The next delusion is that we haven’t really changed the country, the right are still able to play their tunes. Wrong. What happens is that as a progressive government goes on, the tunes of the right become a bit louder. And actually you have got to take action to turn the volume down on them. All the time you have to be realising where the next attacks are going to come from.

The fundamental delusion is to compare this progressive government or any progressive government with perfection. No government is perfect. No government does all of the things that you want it to do. But what you have always got to do in progressive politics is to say, what is the choice? I have lost count of the numbers of people at various elections – where the progressive left is incumbent and then has gone on to lose – who have said that there is no difference really, it doesn’t matter. Three or four years later, they realise there was quite a big difference.

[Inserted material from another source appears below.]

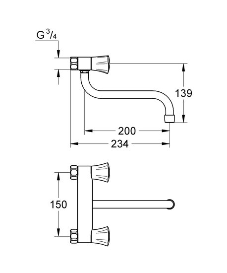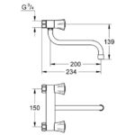- Grohe costa L keuken-wandmengkraan 150mm.
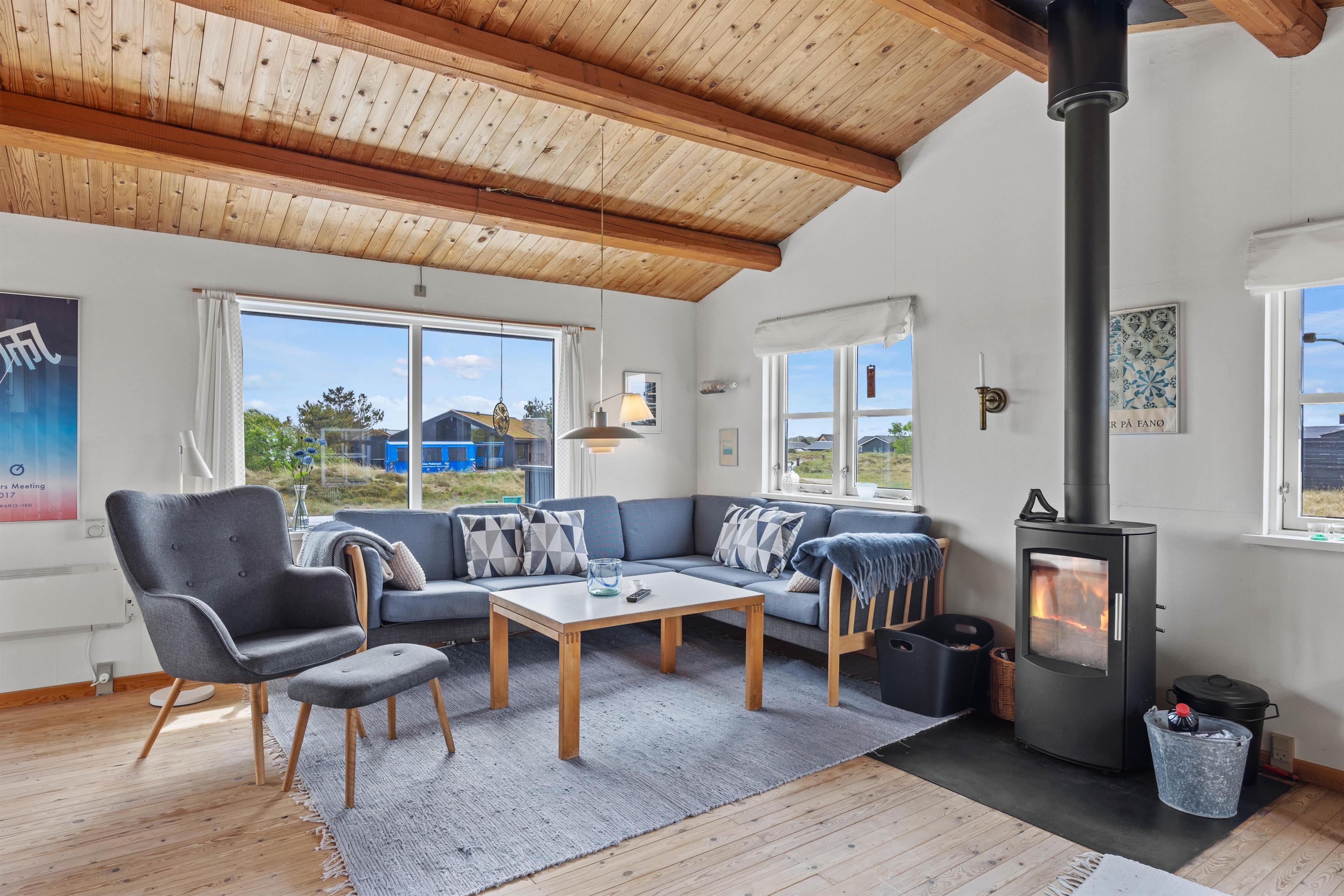 Indenfor byder sommerhuset på en ægte oase af ro og afslapning. Den hyggelige opholdsstue er udstyret med en komfortabel sofa, fjernsyn med danske kanaler og en stemningsfuld brændeovn. Her kan I nyde afslappede aftener med en god bog, en kop varm kakao eller et glas vin, mens flammerne fra brændeovnen knitrer i baggrunden og skaber en dejlig varme. En energivenlig varmepumpe sikrer samtidig, at temperaturen altid er behagelig – uanset om det er en kølig vinterdag eller en varm sommeraften.

I always remember in 1979 the great delusion was that somehow Labour lost because it wasn’t leftwing enough. There are people who write nonsense in some of the newspapers today of pretty much the same ilk, just warmed up for the 21st century. This argument gripped the party between 1979 and 1983 and I used to say at party meetings at the time: ‘Why do they vote for Margaret Thatcher if they want a more leftwing Labour government? Why would they do something so irrational?’ But that was the mindset. That was why we lost. And if anyone is in any doubt about the way in which the political weather changes when you lose power, look at what’s happened to the Democrats since Bill Clinton left office.

 

You recently compared your relationship with the country to a marriage. Have you ever felt like filing for divorce?
No – but that’s not to say that the feeling is mutual. I am deeply committed to what we are doing and I can see the changes when I go and visit a school or see the investment there is in the health service. We have got to carry this on, or else we can go back with Michael Howard. He represents everything that the Tories stood for in the past, so you know exactly what you are going to get. You don’t have to gaze into the crystal ball: you just need to read the book. I can’t believe that we would want to go back to that.